Lorry was spreadeagled, asleep on the patch of concrete at the front of the house when I got back. He looked small and vulnerable lying there, his arms up above his head. His clown doll was discarded at his side, so I picked it up and placed it on his chest and went straight into the kitchen. I was starving and thought I could make a sandwich for me and Lorry to share. My mother was sitting at the pine table, smoking, and she looked up when I walked in and smiled. The shadows under her eyes seemed to have lifted, and the lines on her forehead looked softer, less pronounced.
‘Hi Nif. How are you?’ It was the first time she had asked me anything in ages. I must have looked surprised, because her smile got wider and she ground out her cigarette in the ashtray.
‘Come here.’ She held her arms out to me and made a beckoning motion with her fingers. Her arms when they settled around me were hard and bony, yet surprisingly strong. She held me tightly and breathed in, her face pressed into the side of my neck. When I pulled away I saw that her eyes were wet.
‘Can you feel her, Nif?’ I felt suddenly cold. ‘Can you feel her? She’s here, isn’t she? Petra’s here. She’s come back.’ She was smiling properly now, a placid smile that covered her whole face and made her eyes shine.
It was like when we used to go to church and she would listen to the priest and his mutterings in Latin, and she would look peaceful and contented. She would step up to Father Declan to take communion and as she opened her mouth, her pink tongue ready to take the wafer, she would have such a look of pure elation on her face that I thought back then I wanted to be confirmed, to have the same experience of joyful contentment as my mother did. When she would walk back to take her place in the pew, her step would be light and she would look like she was gliding.
She had the same look on her face now, and her eyes were gleaming behind the tears.
‘Petra’s come back, and she says that she’s forgiven me.’
I sat with my dad that afternoon as he worked on my mother’s sculpture. He had angled a spotlight onto the wheel where the head sat, even though there was enough light seeping in through the coagulated moss on the corrugated plastic roof.
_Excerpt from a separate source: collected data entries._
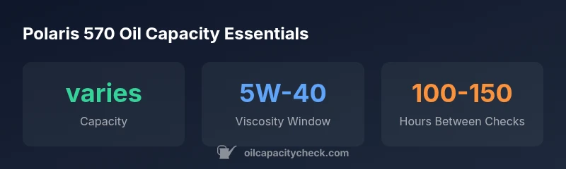 The Polaris 570 oil capacity is not a single fixed number. For the Sportsman 570 family, total oil volume depends on model year and engine variant, so the exact capacity can vary. To avoid guesswork, always verify the capacity against the official Polaris specifications for your specific ATV. Oil capacity is more than a fill quantity—it's linked to your maintenance schedule, oil change intervals, and how the engine dissipates heat under load. According to Oil Capacity Check, relying on a generic figure can lead to overfill or underfill, which strains seals, gaskets, and the oil pump. When you perform a fill, start with a clean dipstick, measure with the engine cold, and top up gradually until the level sits within the upper range on the dipstick. After the first start, recheck on a level surface and re-fill if necessary. Maintaining the correct oil capacity helps optimize lubrication, cooling, and overall engine longevity for the Polaris 570, regardless of riding style.
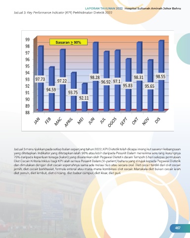 Jadual 3 menunjukkan pada setiap bulan sepanjang tahun 2022, KPI Dietetik telah dicapai mengikut sasaran kebangsaan
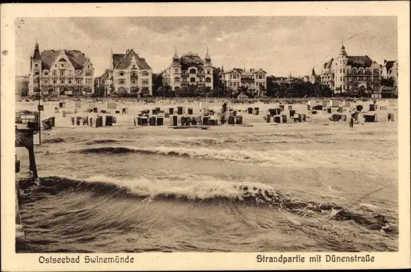 Ak Świnoujście Swinemünde Pommern, Strandpartie mit Dünenstraße
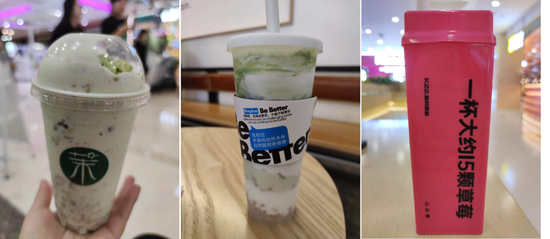 茉酸奶则突出强调自己的酸奶产地,来自草原酸奶之都乌兰察布,水果含量一杯奶昔等于一整颗牛油果,榴莲则来自马来西亚苏丹王榴莲。
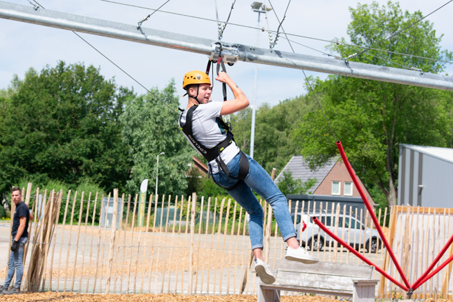 The Rollercoaster Zipline combines the speed of a zipline (also known as a zip line) with the thrill of a roller coaster! By means of a safe fuse, you are attached to this ''zip line'' and you can take off. Perfect for vrijgezellenfeesten and bedrijfsuitjes. But for the young adventurers among us, the Rollercoaster Zipline is also great fun for kinderfeestje and schoolreisje! You can take on the adventure from the age of 8 and 1.30 metres.

He’d already removed much of the clay that he’d built up. He said the heat had made it harder than usual and difficult to work with. I watched as his fingers applied the new clay. The dark orange substance built up in layers, substrates, the head starting to take on its new form. He placed strips of clay under the eye sockets, and above them, using his tools to carve them once they were in place. He used his fingers to press onto the forehead, pulling back to ease the clay flat. His thumbs worked away under the chin, pulling the substance upwards and outwards, making the neck swanlike and graceful.
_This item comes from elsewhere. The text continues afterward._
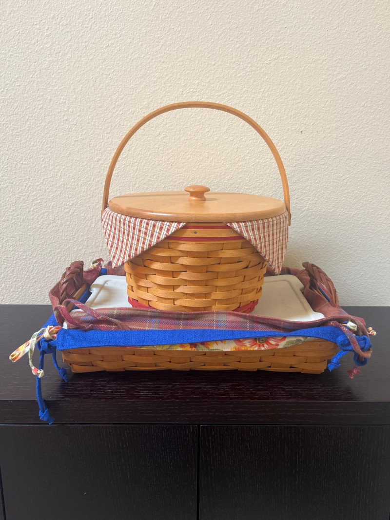 Longaberger Basket Set with Lid and Serving Basket – 2 Pieces This set includes a 1999 Longaberger round basket with a wooden lid, swing handle, and removable cloth liner in a red gingham pattern and a clear plastic insert. The basket measures approximately 6" tall without the handle, 11" with the handle, and 10" in diameter. Also included is a rectangular Longaberger serving basket (marked 2008) measuring 15" x 10.5" x 3". It features braided leather handles, a plastic insert with lid, a floral cloth liner, and two additional drawstring liners in coordinating colors.

It was the eyes that fascinated me the most, though, and I knew that when he had formed the brows and the cheekbones and smoothed the skin, and was satisfied that the line of the nose was perfect, he would take a metal-headed tool, a piece of thick wire shaped into a loop and secured at the rough ends to a wooden handle. Meticulously, he would insert the metal end into the eyeballs, his fingers working slowly and firmly to ease out a lump of clay. This would create both the iris and the pupil. Both would merge into an unseeing void. But this afternoon he was still not satisfied and my mother’s eyes remained intact, uncarved.